“Discipline was very strict in Roman schools and students would be beaten for making mistakes.”
The line came from the history textbook. Part of this morning’s lesson, it brought an unexpected response from some of the students.
“That would be good, ” said one.
The student concerned had not excelled at the Christmas test. “So, if you get a bad mark, you should be beaten?”
“Yes,” he said, “then I would do better next time.”
It was strange to encounter such a primitive behaviorist approach in a classroom in 2022.
“What about those unable to learn?” I asked.
“They would learn,” he said.
“They would not,” I replied. “Violence doesn’t work.”
It brought memories of one day when my son was was about five years old. I was so angry and frustrated with him that I smacked him. Smacks were few and far between and this one was not appreciated.
He looked at me through tears and said, “Big people shouldn’t hit little people.”
It was a simple and powerful argument, something presumably picked up at nursery school or primary school. Resorting to violence wasn’t about trying to change things, it was about an admission of failure to change things. Our house remained a strict one without the need to slap. Shouts and sanctions were far more effective than smacks.
Even at the fundamentalist Christian school I attended it was apparent that their “spare the rod and spoil the child” philosophy simply did not work.
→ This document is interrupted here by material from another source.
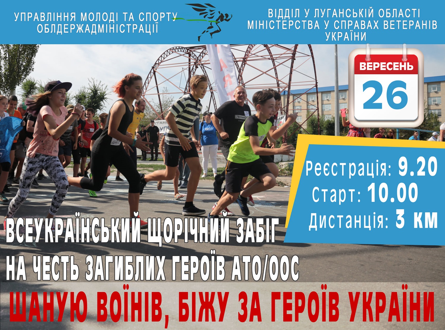 Забіг «Шаную воїнів, біжу за героїв України» розпочнеться 26 вересня о 10.00 у Сєвєродонецьку (реєстрація учасників розпочнеться о 9.20 біля будівлі Луганської ОДА). Дистанція забігу – 3 км.

The same boys were caned again and again, it never changed their behaviour.
The fact that they were being punished owed more to the fact that they were be caught, than to the fact that they were the only people guilty of these wrongs. When an attempt was made to burn down one of the classroom blocks in January 1977, the culprit list included the frequent visitors to the principal’s office – the use of the rod had simply hardened them in their attitudes
Violence is about big and strong people dominating smaller and weaker people; whether it was a teacher in times bast beating his pupils, or me slapping Michael, or even governments using force to suppress groups they don’t like, it is not a solution to anything.
Anyone familiar with the sad history of relations between Ireland and Britain will know that violence never brought solutions, whether in the centuries of British repression or in the Twentieth Century Republican philosophy that embraced bullets and bombs.
Violence was never an effective tool for education, it just builds a huge storehouse of resentment.